## DATA TO EXAMINE
________________
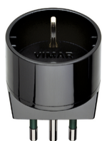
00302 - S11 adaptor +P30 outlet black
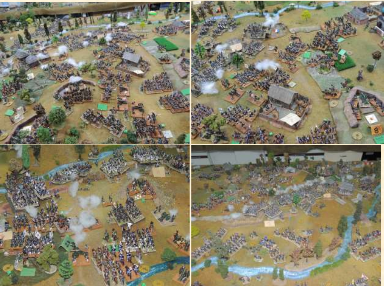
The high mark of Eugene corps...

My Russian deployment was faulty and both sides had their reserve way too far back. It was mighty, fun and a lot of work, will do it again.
________________
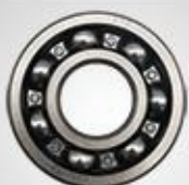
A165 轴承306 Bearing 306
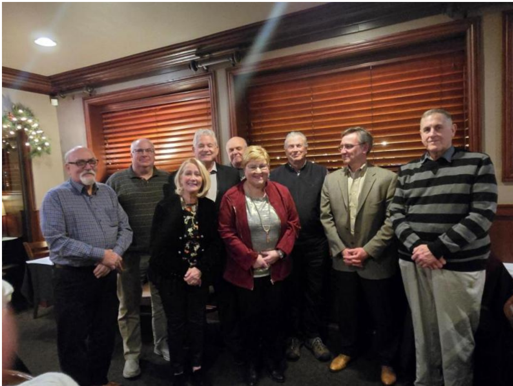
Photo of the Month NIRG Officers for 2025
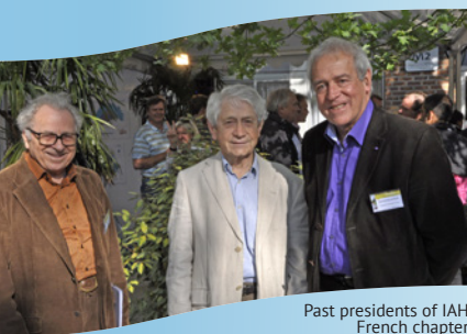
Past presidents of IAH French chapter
________________
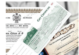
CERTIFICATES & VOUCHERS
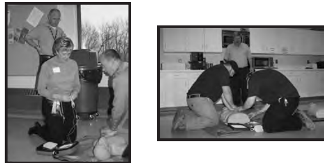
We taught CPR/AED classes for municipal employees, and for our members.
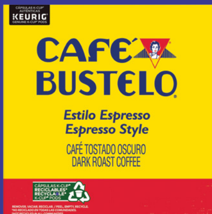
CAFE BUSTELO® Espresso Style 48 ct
________________
## WHAT IS NEEDED
Within the listing above, print exactly the stretch beginning at the line that contains "00302 - S11 adaptor +P30 outlet black" and finishing at the line that contains "My Russian deployment", ends kept, pictures left out, and nothing more.

## PROBLEM SOLUTION
00302 - S11 adaptor +P30 outlet black
The high mark of Eugene corps...

My Russian deployment was faulty and both sides had their reserve way too far back. It was mighty, fun and a lot of work, will do it again.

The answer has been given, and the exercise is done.